The AEPJ member Taube Center for Jewish Life & Learning launched the training for educators of Mi Dor Le Dor Europe. A diverse group of 28 professionals, including experts in Jewish heritage, educators from both formal and informal settings, tour and museum guides, and members of Jewish community organizations, came together in Warsaw to embark on this new edition of the training programme.
The program began with a warm welcome from Helena Czernek at the Mi Polin Mezuzah Center, located on Złota 62 Street. This unique space serves as both a Jewish mini-museum and a design store. Participants engaged in a workshop and explored the center before taking a short tour of one of the most significant surviving remnants of the Warsaw Ghetto, located in the courtyard of the building at Złota 62.
From there, the group continued with a city walk to the Taube Center for Jewish Life & Learning, where they participated in an intensive session focused on the Object-Based Learning methodology, immersing themselves in a hands-on exploration of this engaging educational approach.

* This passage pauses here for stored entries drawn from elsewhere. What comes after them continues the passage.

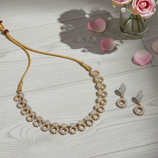 Stylish Diamond Circular Motif Necklace Set with Earrings
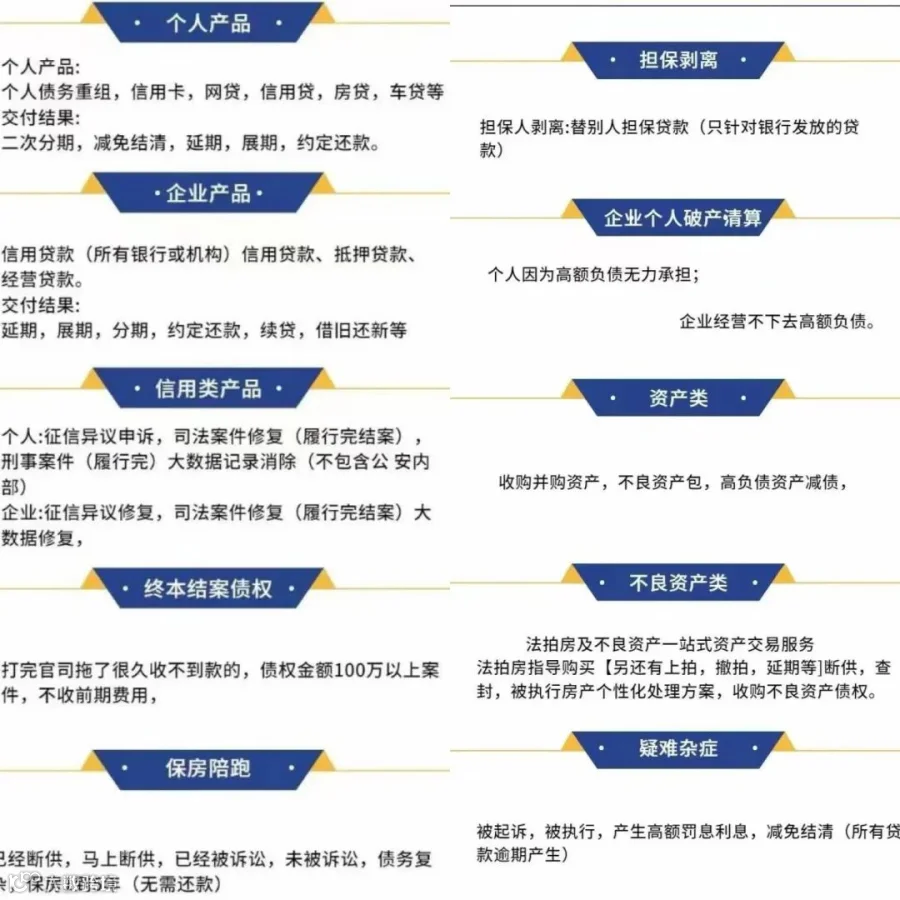 个人/企业融资与债务服务核心:以法律为依据、政策为导向、交付为事实!
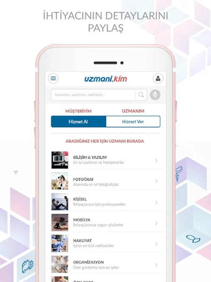 Bringing experts and service seekers together, Turkey's most affordable and easy-to-use digital marketplace is now in your palm! Download our app, come, be part of our network.

On November, the first online session took place. The lecturer dr. Karolina Szymaniak is a Yiddishist, literary scholar, translator, editor, and Yiddish language instructor—a woman of many talents. It comes as no surprise that she holds a doctorate in the humanities. During the session, she introduced participants to the complexities of Yiddish literature and its impact on Polish-Jewish relations. Her lecture inspired listeners to interpret the urban spaces they navigate through the cognitive framework of the Yiddish legacy.
MiDorLeDor Europe is inspired by the MiDorLeDor project developed by Taube Center for Jewish Life & Learning in Warsaw since 2012, coordinated by AEPJ and co-funded by the Citizens, Equality, Rights and Values programme of the European Union.